Task to complete: From top to bottom, retype the data exactly, passing over any picture.

* * * *

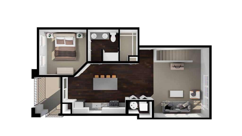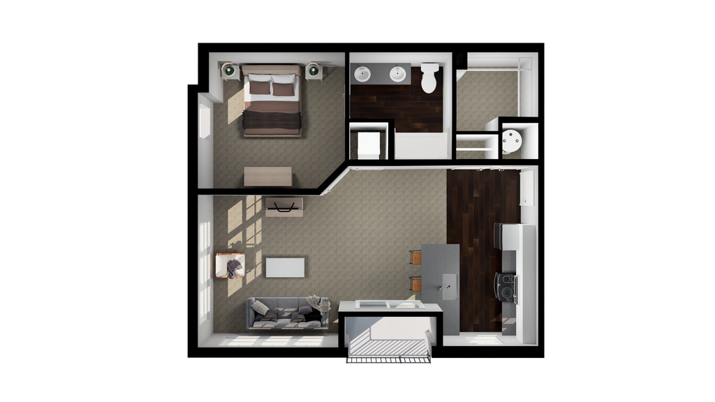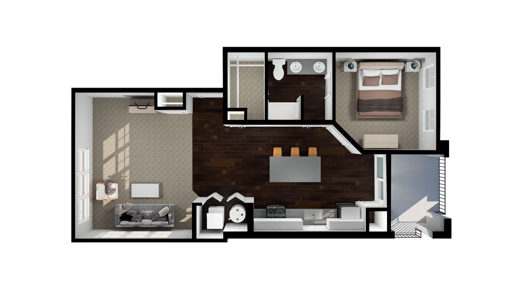 1 Bed, 1 Bath, 755 sq ftModel Gallery
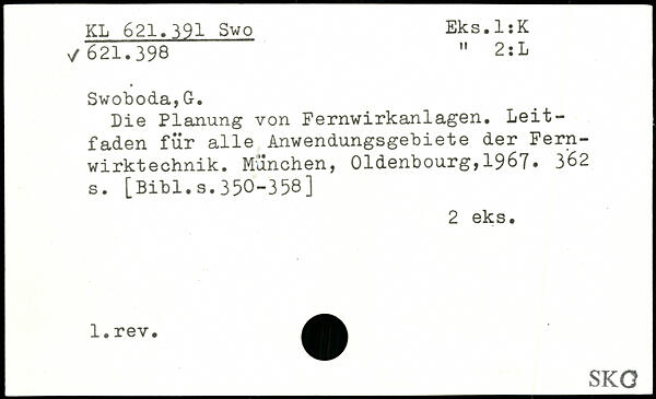 Lie Planung von Fernwirkanlagen. Leitfaden für alle Anwendungsgebiete der Fernwirktechnik. München, Oldenbourg,196?.
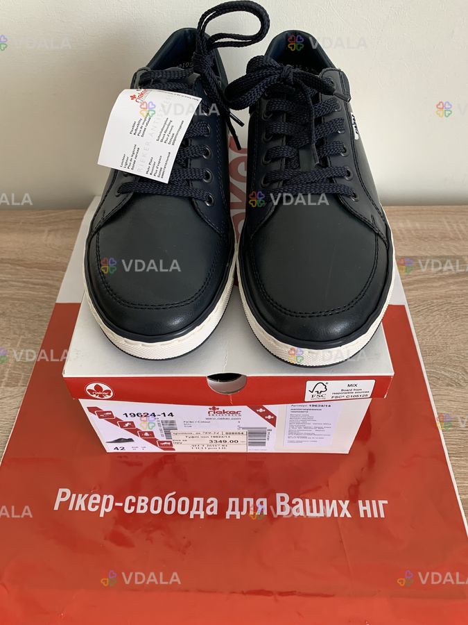Чоловічі туфлі-кросівки rieker antistress' в упаковці, розмір 42, дуже гарний темно синій колір. Нові, довжина устілки 28 см. Мякенькі, легенькі, комфортні. Фабрика в Марокко
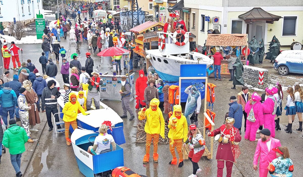 Ebensee feiert Fasching: Tausende erleben närrischen Umzug trotz Wintereinbruch
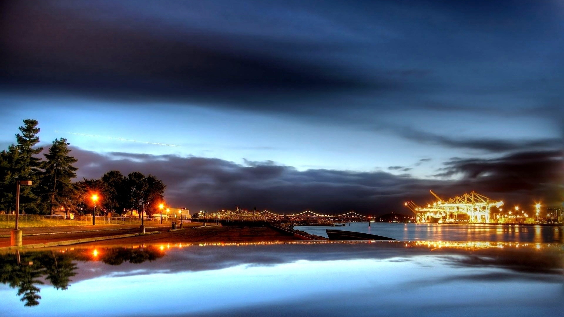 Description: A lake with a pier and a building in the background at night time with lights on the water and a cloudy sky.

* * * *

Answer to this problem:
 1 Bed, 1 Bath, 755 sq ftModel Gallery
 Lie Planung von Fernwirkanlagen. Leitfaden für alle Anwendungsgebiete der Fernwirktechnik. München, Oldenbourg,196?.
Чоловічі туфлі-кросівки rieker antistress' в упаковці, розмір 42, дуже гарний темно синій колір. Нові, довжина устілки 28 см. Мякенькі, легенькі, комфортні. Фабрика в Марокко
 Ebensee feiert Fasching: Tausende erleben närrischen Umzug trotz Wintereinbruch
 Description: A lake with a pier and a building in the background at night time with lights on the water and a cloudy sky.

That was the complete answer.